CMWSSB ill-prepared to cater to new townships

December 23rd, 2009
By Our Correspondent

Dec. 22: The state government has responded well to Chennaiites’ hue and cry by rightly deciding to extend amenities on par with the city to the suburbs and areas beyond them to make those areas equally hospitable.

The Chennai Metropolitan Water Supply and Sewerage Board (CMWSSB) that provides water and drainage facilities to 1,189 sq km Chennai Metropolitan Area gave effect to the government’s plan by accommodating the suburbs, but the board got it wrong by doing so without increasing its capacity adequately.

CMWSSB engineers told this newspaper on condition of anonymity that the state’s prime objective of upgrading infrastructure, particularly drainage, in the suburbs to ease the burden on the city would be jeopardised if areas are added without increasing capacity. Similarly, future maintenance of drainage of the added areas would become an uphill task and a further burden on the city that is already struggling due to recurring sewage blocks and overflow.

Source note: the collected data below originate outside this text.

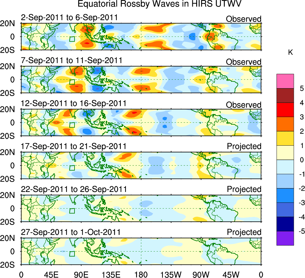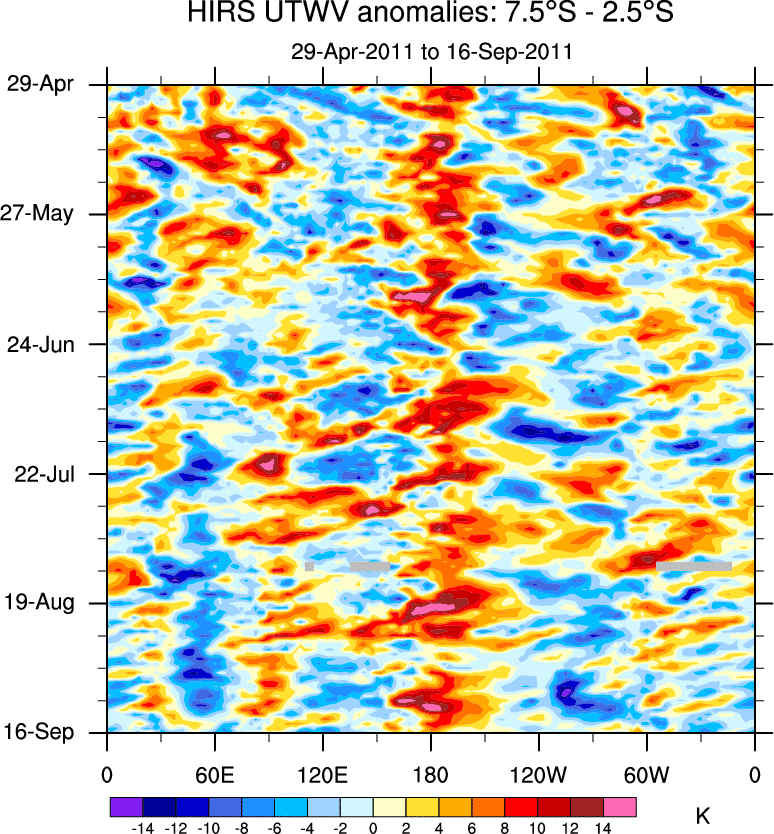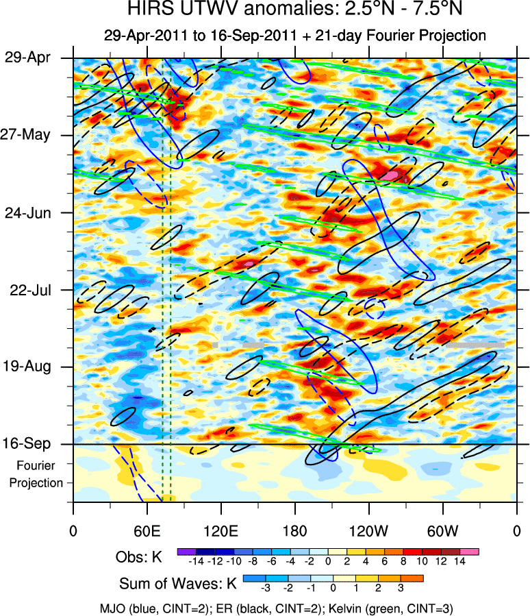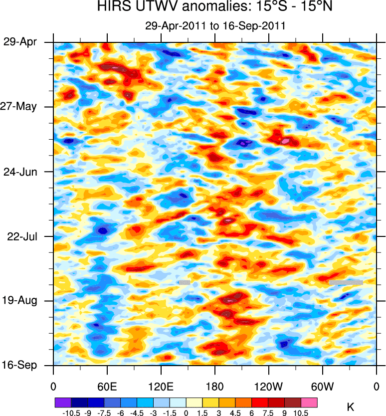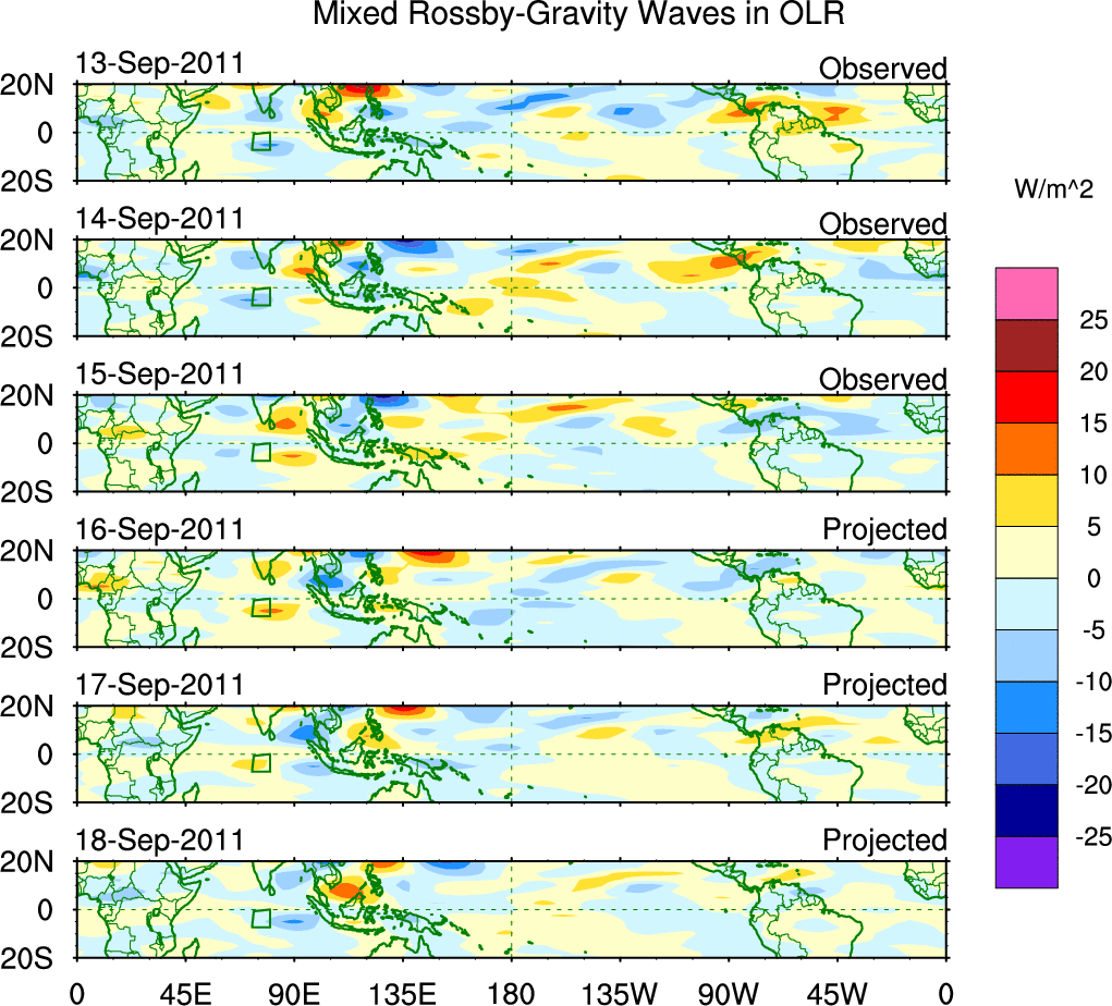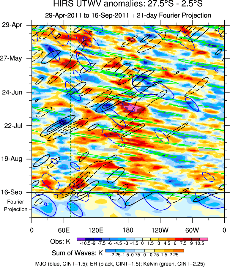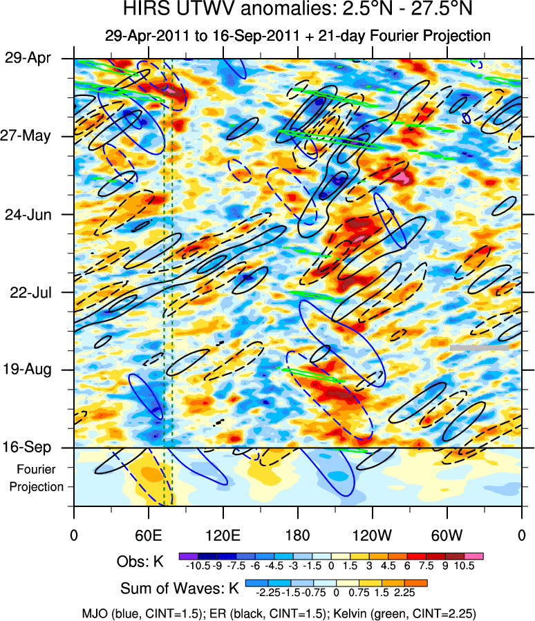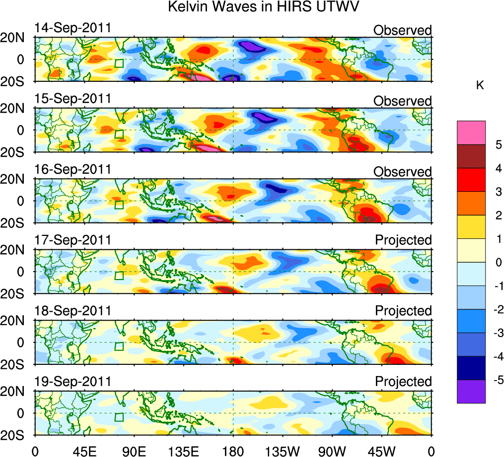 To identify tropical waves in near real-time, the OLR and UTWV data are filtered following Wheeler & Weickmann (2001 MWR). The daily anomalies are calculated using the first 3 harmonics of the seasonal cycle for 1979–2009. Missing values are then filled using linear interpolation in space and time. The most recent 365 days of anomalies are padded with 659 days of zeroes, and the result is filtered for each wave type.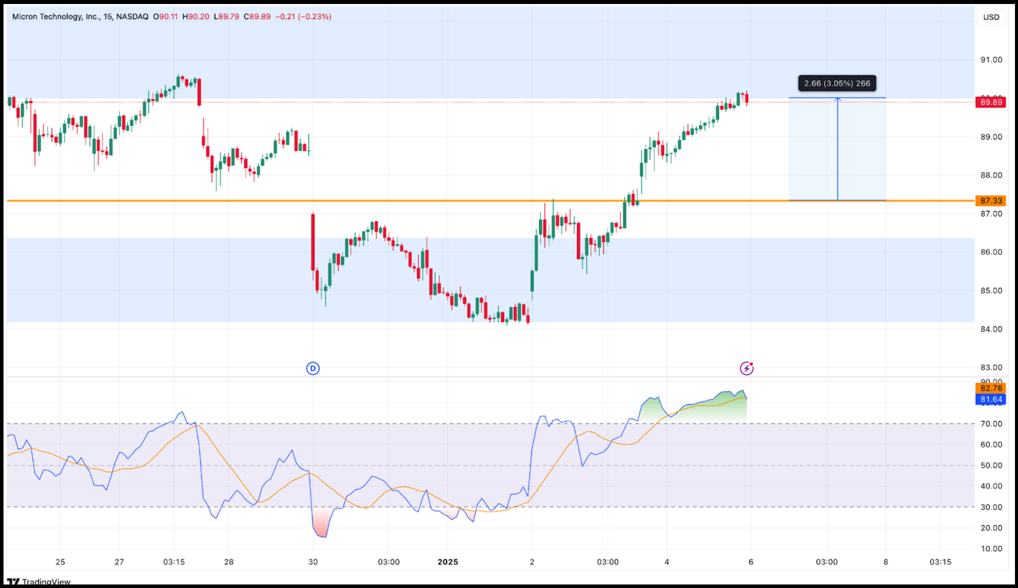 I've taken partial profits by closing half the position at $90.01, locking in a solid 3.05% gain.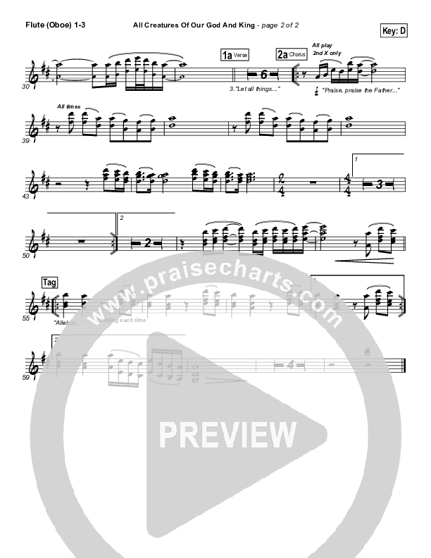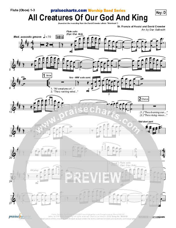 Download the Orchestration wind parts for All Creatures Of Our God And King by David Crowder, from the album Illuminate. This song was arranged by Daniel Galbraith in the key of C, D.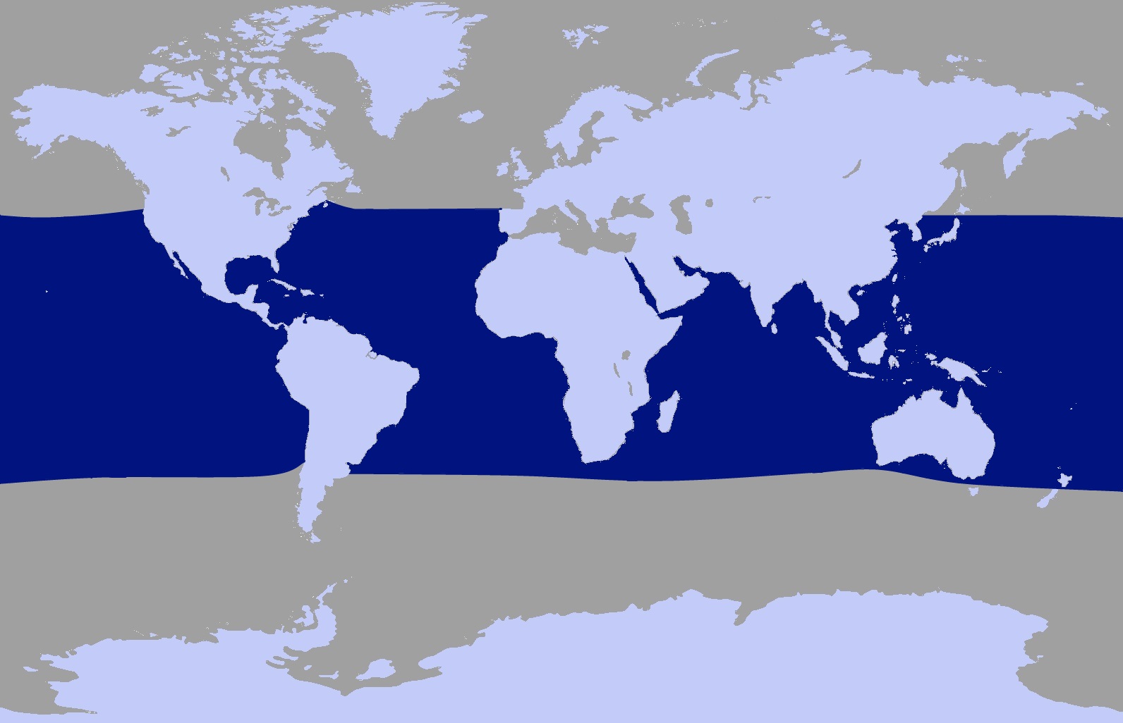 Dwarf Sperm Whales are likely to be found in the dark blue areas |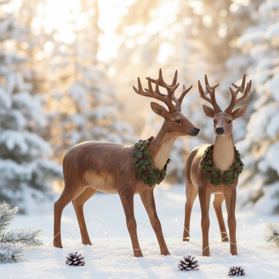 - Features deer figurines with festive wreath accents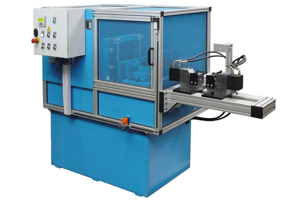 Prinzing KFE 1 is a hydraulic or electromechanical forming machine specifically designed for flanging (forming collars/beads) on the edges of pre-cut holes (taps, branches) in cylindrical or flat parts. The machine is used to add extra rigidity to the opening and provide an ideal surface for subsequent pipe connection (e.g., in the production of tees, elbows, or distribution elements for ventilation systems). The KFE 1 operates on the principle of plastic deformation of the edge, creating a neat, strong collar.
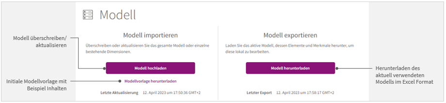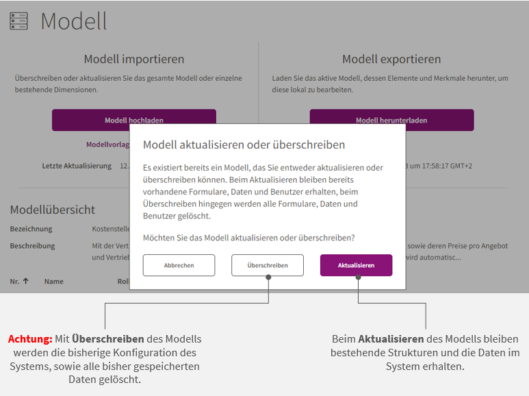 * **Modell importieren** Mit dem Import können Sie das aktuell hinterlegte Modell überschreiben oder aktualisieren.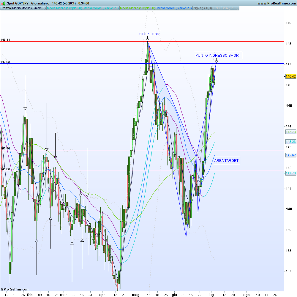 Osservando il grafico giornaliero del cambio GBP/JPY è possibile notare la struttura tipica di un bearish bat pattern. La figura rispetta le proporzioni elencate in precedenza e potrebbe offrire una buona opportunità di ingresso short.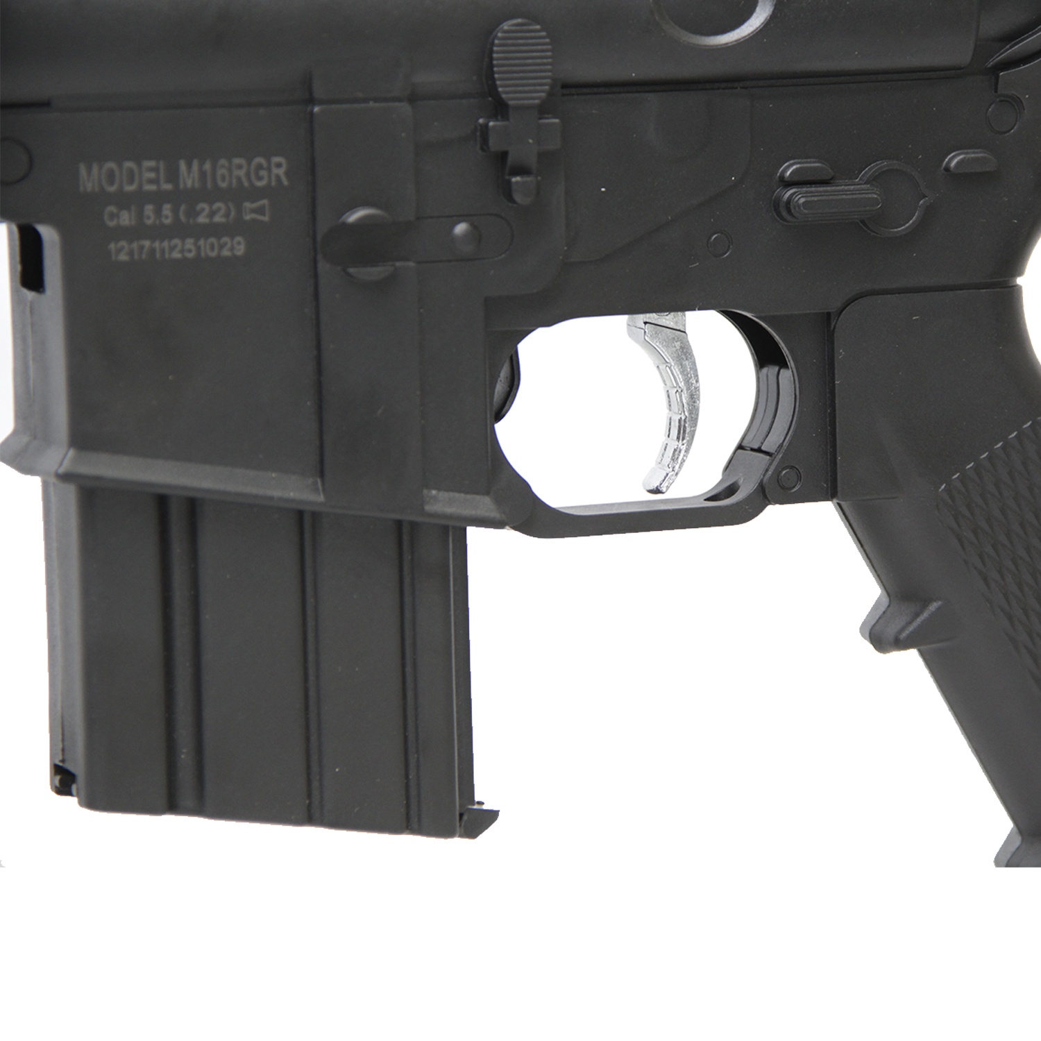 A Carabina de Pressão M-16 Rossi, é resultado de um projeto desenvolvido pela engenharia da Rossi em parceria com a SAG. Carabina 5.5mm na versão equipada com Gás RAM.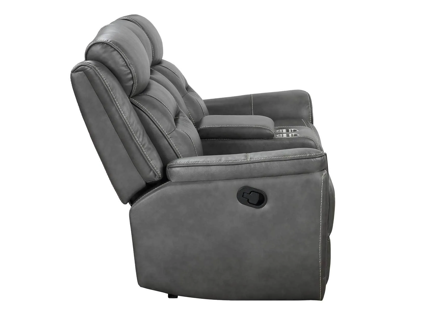 Contemporary style in a Loveseat that reclines for the most comfortable seating experience you can find. Nash is as comfortable closed as open with a stylish shaped seat that offers a relaxing and comforting seat. At the flick of a lever, the recliner extends out to let you completely unwind. A built-in headrest makes watching television easy while the lift-top console offers a convenient armrest and hidden storage for remotes and other devices.

Underground drainage works are afoot at Avadi, Ambattur, Tiruvottiyur, Maduravoyil, Madhavaram, Tirumalisai, Ullagaram and Puzhithivakkam municipalities - without setting up a new treatment plant.

The treatment plants in Kodungaiyur, Villivakkam, Koyambedu, Nesapakkam and Perungudi have a joint treatment capacity of 486 mld (million litres per day). These are already choking with the daily increasing output of a fast developing city. While taxpayers in the city corporation limits fear more problems in future, residents in the suburbs and realtors promoting private townships ask why the government cannot extend the facilities to them if it could for IT companies. A new 6 mld treatment plant at Navalur, on Rajiv Gandhi Salai, to cater to the needs of the IT corridor, is on the cards.

Currently, most realtors take government support only for water. Though the implementing of the proposed UGD in the adjoining local bodies would be a gift in the offing for taxpayers there, they would not serve the purpose until the treatment capacity is increased, experts observed.